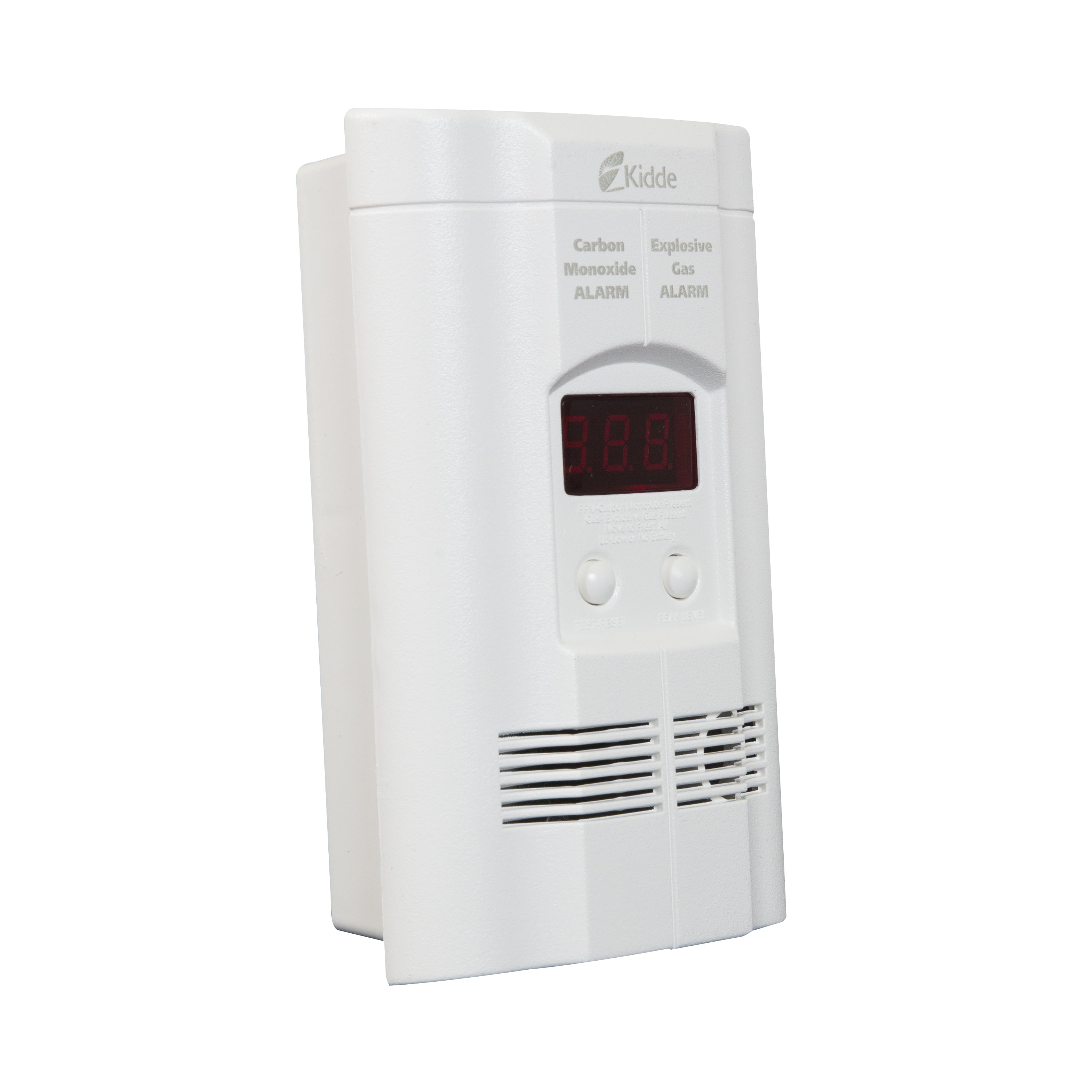 $49.42The Kidde KN-COEG-3 AC powered, plug-in CO and explosive gas alarm protects you and your family from two deadly threats. The KN-COEG-3 includes 9V battery back up that provides protection during a power outage, when AC-only units can not provide protection. By pressing the Peak Level Button you can see the peak CO level recorded by the alarm since it was last reset or unplugged. The continuous digital display shows you the level of carbon monoxide (if any) the unit is sensing as well as if gas is present. The gas sensor is a metal oxide sensor designed to detect natural gas (methane) or propane.The Kidde KN-COEG-3 provides you and your family a level of protection that you have come to expect in a Kidde product. The alarm is easily installed in any of your AC wall outlets, giving you the choice of a direct-plug, a 6’ power cord or a table top unit. Depending on how or where you wish to mount your unit, you can get exactly what you need for a perfect application. The KN-COEG-3 is UL listed and offers a 7-year life and a 5-year limited warranty.
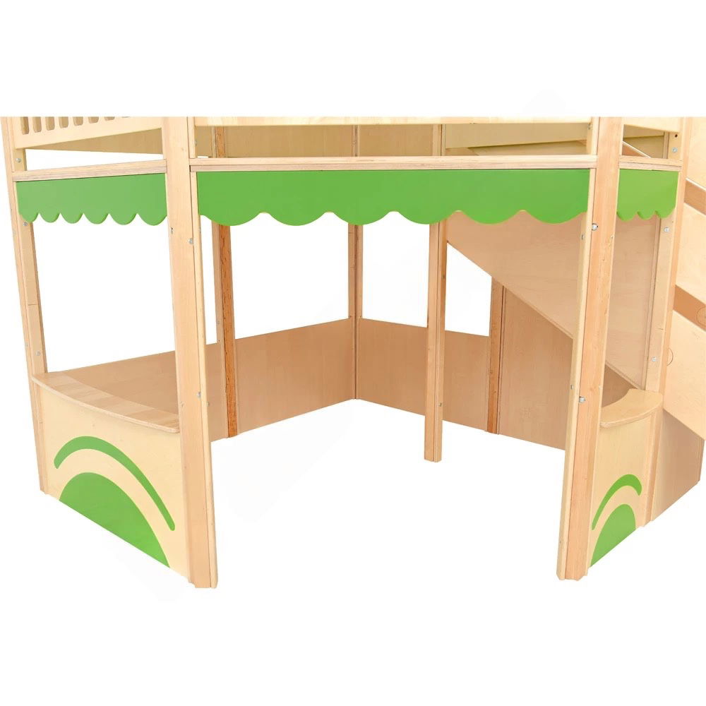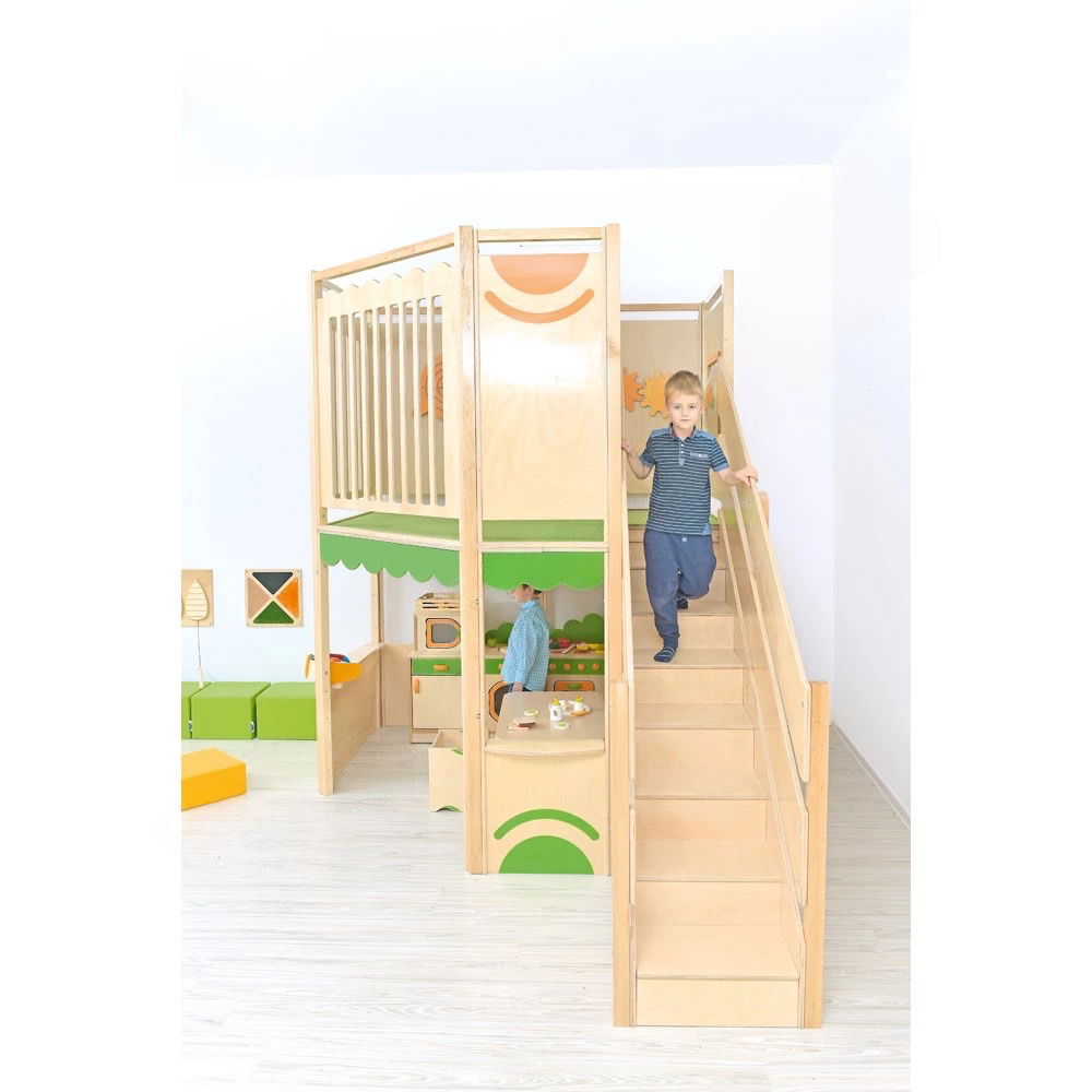 Die Hochebene schafft eine zweite Spielebene, ohne wertvolle Bodenfläche zu verlieren. Oben befindet sich ein sicherer Bereich zum Bewegen und Spielen, während der Raum darunter (Podesthöhe 130 cm) ideal für thematische Spielbereiche wie Puppenecken, Bauzonen oder als gemütlicher Rückzugsort genutzt werden kann. - Gezielte Förderung von Motorik und Wahrnehmung
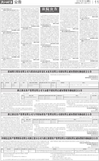 浙江浙北资产管理有限公司与平阳如祥资产管理有限公司债权转让通知暨债务催收联合公告
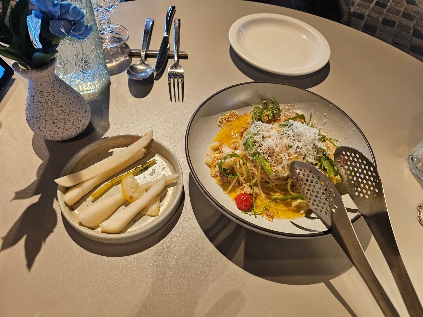 저는 갑오징어 파스타와 시그니처메뉴인 김치볶음밥을 시켰습니다. 두 메뉴 다 맛있었습니다.

EXERCISE DIRECTIONS -
Find the line that has "浙江浙北资产管理有限公司与平" in the listing, then retype it and each later line up to the last, exactly. Leave pictures out.

SOLUTION TO THIS TASK -
 浙江浙北资产管理有限公司与平阳如祥资产管理有限公司债权转让通知暨债务催收联合公告
 저는 갑오징어 파스타와 시그니처메뉴인 김치볶음밥을 시켰습니다. 두 메뉴 다 맛있었습니다.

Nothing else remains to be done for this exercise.